Ramazan YAVUZ


Bütün Mahlukatın En Şereflisi İnsan ve Diğer Mahlukatın Yeri

Bütün Mahlukatın En Şereflisi İnsan ve Diğer Mahlukatın Yeri


Yeryüzüne baktığımızda, her canlının bir görevi, bir dengesi, bir hikmeti olduğunu görürüz. Kimi toprağı işler, kimi havayı temizler, kimi de başka canlılara hayat verir. Bu muazzam düzenin merkezinde ise insan vardır. Çünkü insan, akıl ve irade sahibi bir varlık olarak yaratılmıştır.

Kutsal kitaplarda “Ahsen-i takvîm” yani “yaratılmışların en güzeli” olarak tanımlanan insan, bu üstünlüğünü yalnızca fiziksel yapısından değil, düşünebilme, sorgulayabilme ve iyilik yapabilme kabiliyetinden alır. Ancak bu unvan, aynı zamanda büyük bir sorumluluğu da beraberinde getirir. Zira şeref, emanetle gelir.
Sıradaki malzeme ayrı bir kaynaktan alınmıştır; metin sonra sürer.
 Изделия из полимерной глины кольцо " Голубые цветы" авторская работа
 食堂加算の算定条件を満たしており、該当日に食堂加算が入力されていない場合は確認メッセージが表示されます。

Bugün insanlık, doğayı hoyratça kullanmanın, diğer canlıların yaşam alanlarını yok etmenin sonuçlarını ağır biçimde yaşamaktadır. Oysa yaratılış düzeninde hiçbir canlı “boş” değildir; karınca da, kuş da, ağaç da kendi görevini kusursuz biçimde yerine getirir. Bozulma, insanoğlunun hırsı ve kibriyle başladığında, doğanın dengesi de bozulur.
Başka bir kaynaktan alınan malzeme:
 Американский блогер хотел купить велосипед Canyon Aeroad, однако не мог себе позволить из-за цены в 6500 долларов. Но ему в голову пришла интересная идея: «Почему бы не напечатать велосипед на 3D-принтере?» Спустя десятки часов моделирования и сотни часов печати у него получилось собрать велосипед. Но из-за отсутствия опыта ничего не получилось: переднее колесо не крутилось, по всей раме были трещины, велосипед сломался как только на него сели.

İnsanın “en şerefli” oluşu, hükmetme hakkından çok, koruma ve gözetme sorumluluğu taşır. Gerçek üstünlük, güçte değil; merhamette, adalette ve ölçülülükte gizlidir. Eğer insan, kendisine emanet edilen bu dünyayı ve diğer canlıları koruyamıyorsa, şerefini de yitirir.

Belki de bugün yeniden düşünmemiz gereken şey şudur:
“Biz, en şerefli varlık olmanın hakkını verebiliyor muyuz?”